Attachment #255450 - Flags: superreview?(bienvenu)
Attachment #255450 - Flags: superreview+
Attachment #255450 - Flags: review?(bienvenu)
Attachment #255450 - Flags: review+
Okay, junk as a tag key may lead to inconsistencies between the .msf and the "real" data, but this could happen by others tinkering with our tags as well...
This patch is almost the same as attachment 255450 [details] [diff] [review], just without the special treatment for the junk keyword.
Asking for Thunderbird 2 approval to get this onto the branch.

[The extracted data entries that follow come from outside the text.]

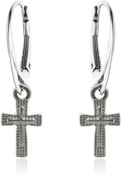 Delikatne wykonane ze srebra wiszące kolczyki na angielskim zapięciu z ozdobą o kształcie krzyżyka z wyciskanym wzorem, model K3417.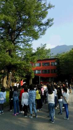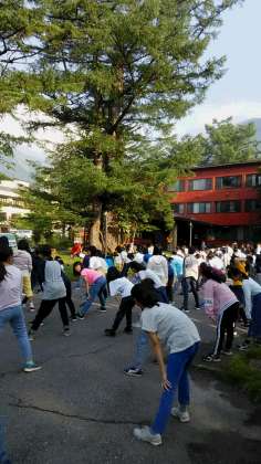 宿舎前で朝会、体操を行いました。今日は予定通りハイキングを行います。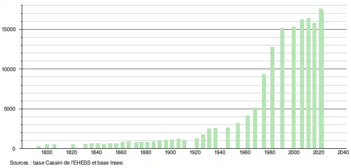 L'évolution du nombre d'habitants est connue à travers les recensements de la population effectués dans la commune depuis 1793. Pour les communes de plus de 10 000 habitants les recensements ont lieu chaque année à la suite d'une enquête par sondage auprès d'un échantillon d'adresses représentant 8 % de leurs logements, contrairement aux autres communes qui ont un recensement réel tous les cinq ans[19],[Note 4].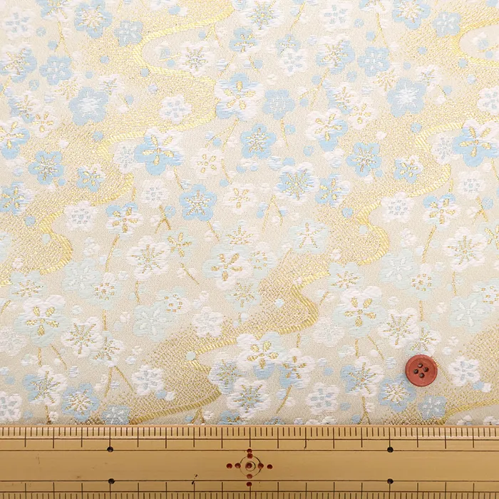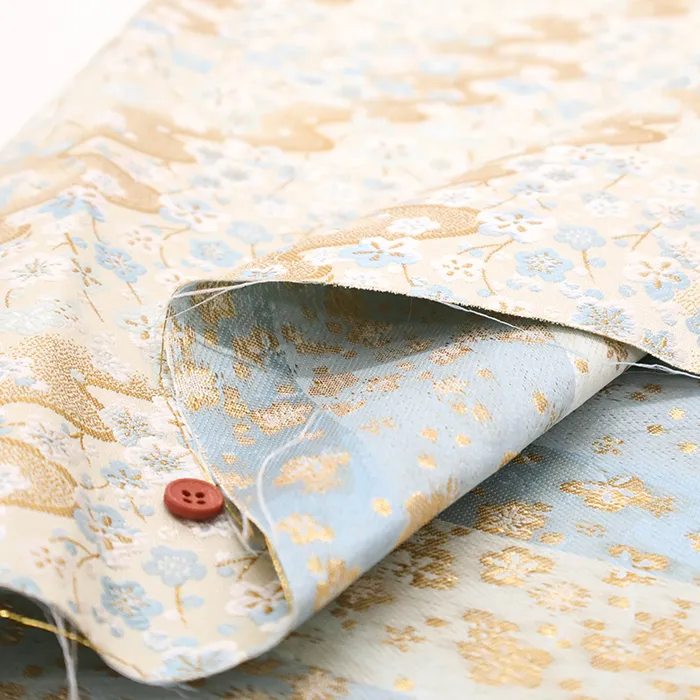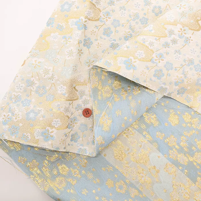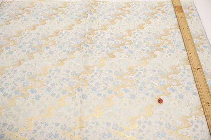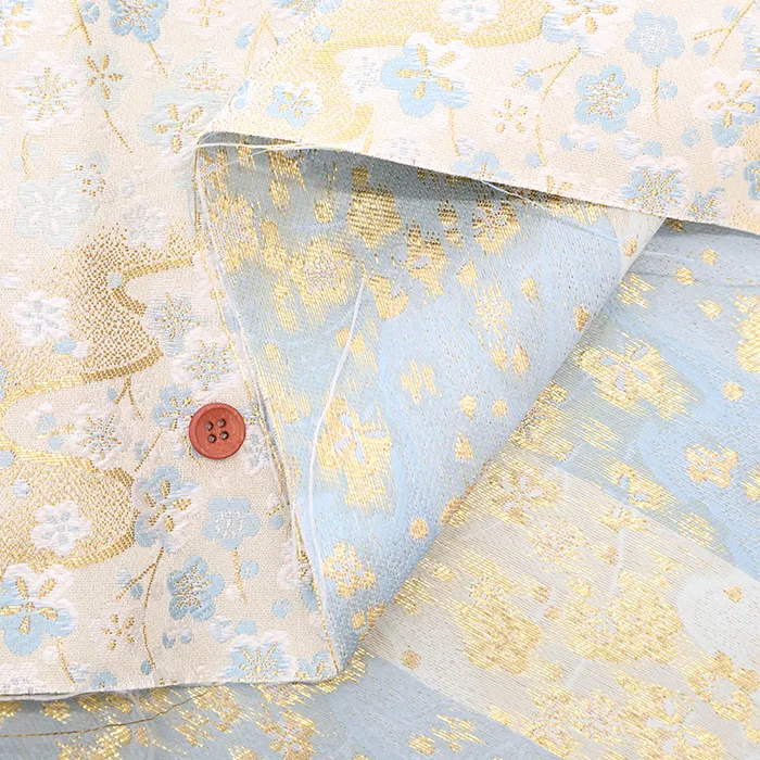 金糸や銀糸に色糸を交えて緯糸にし、紋様が浮き上がるように織った紋織物のひとつです。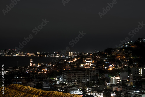© BlokPhoto, Fototapeta premium Night panorama of Puerto Vallarta, Romatic zone.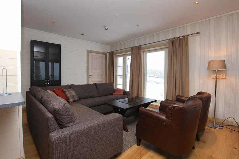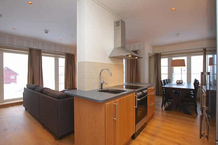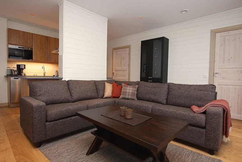 Stue med TV, lille køkkenafdeling. vaskemaskine, tørreskab, skiopbevaring, 2 parkeringspladser.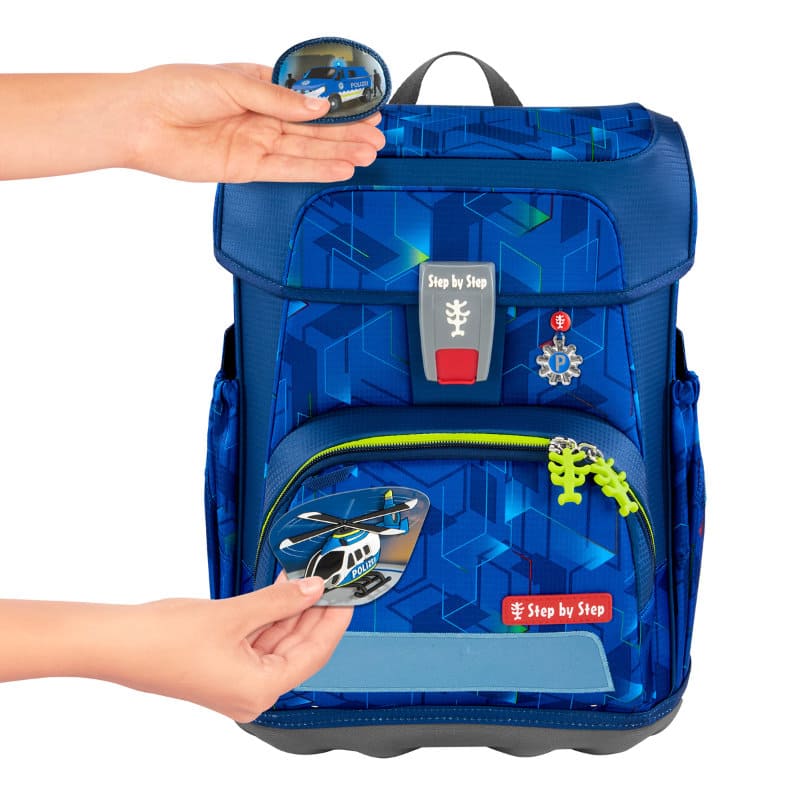 Diese wunderbaren Motive sind detailverliebt ausgearbeitet. Mit ihnen läßt sich der Step by Step Ranzen jeden Tag spielerisch neugestalten. Durch Magnete, die in der Fronttasche und dem Deckel eingearbeitet sind, halten die MAGIC MAGS magnetisch. Die Magnetkraft ist ausreichend groß, daß die MAGICMAGS auf dem  Ranzen alles mit dem Schulkind erleben können.

Attachment #255450 - Attachment is obsolete: true
Attachment #255566 - Flags: superreview+
Attachment #255566 - Flags: review+
Attachment #255566 - Flags: approval-thunderbird2?
Landed on trunk.
Status: NEW → RESOLVED
Closed: 17 years ago
Resolution: --- → FIXED
Attachment #255566 - Flags: approval-thunderbird2? → approval-thunderbird2+
Landed on MOZILLA_1_8_BRANCH.
verified fixed 1.8.1.3 Mozilla/5.0 (Windows; U; Windows NT 5.2; en-US; rv:1.8.1.3) Gecko/20070326 Thunderbird/2.0.0.0 Mnenhy/0.7.5.0 ID:2007032620 using the steps to reproduce in this bug here and tested custom tagging also.